A method for detecting abnormal operation data of a wind power plant is provided, which belongs to the technical field of wind power and comprises the following steps: collecting operating data, operating environment parameters and wind turbine generator parameters of a wind turbine generator; performing data preliminary processing according to the power characteristics of the wind turbine generator; removing discrete abnormal data points of the wind turbine generator operation by adopting a quartile method; introducing pitch angle, wind direction, temperature and humidity data at corresponding moments into wind speed and power operation data of an original unit to form multidimensional data, sorting the multidimensional data according to the wind speed, and dividing the multidimensional data into an inter-cell data set at a wind speed interval of a first threshold; normalizing the data set of each wind speed cell; and taking the normalized data in each wind speed interval as the input of a multi-dimensional data clustering model, and detecting abnormal data in the multi-dimensional data clustering model.
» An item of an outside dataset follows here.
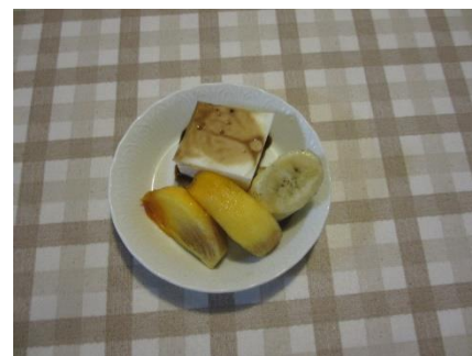
手作りの牛乳寒とフルーツ

The method solves the technical problem of low accuracy rate of identifying abnormal data.

Description

Wind power plant operation abnormal data detection method

Technical Field

The invention relates to the technical field of wind power, in particular to a method for detecting abnormal operation data of a wind turbine generator.

Background

The wind power curve is one of the main curves describing the corresponding relation between wind speed and power output and reflecting the performance of the wind turbine. The equivalent power curve of the wind turbine can be used for evaluating the performance and the operation condition of the wind turbine and the wind power plant, and in addition, the data are important for wind power prediction and directly influence the final precision of a prediction result, so that the formulation of a power system scheduling plan is influenced. The equivalent power curve of the wind turbine generator set is determined to have high requirements on wind speed and power quality, but due to sensor precision, electromagnetic interference, information processing errors, storage or communication faults and wind power station wind abandoning and electricity limiting, a large amount of abnormal data exist in original recorded data, and the integral distribution rule and the corresponding relation of the wind speed and the power are seriously damaged. If the data are directly used without being processed, the analysis of the operation rule of the wind turbine generator is influenced to destroy the operation rule of the wind turbine generator, and further, the performance analysis of the wind turbine generator and the prediction precision of the power of the wind turbine generator are influenced.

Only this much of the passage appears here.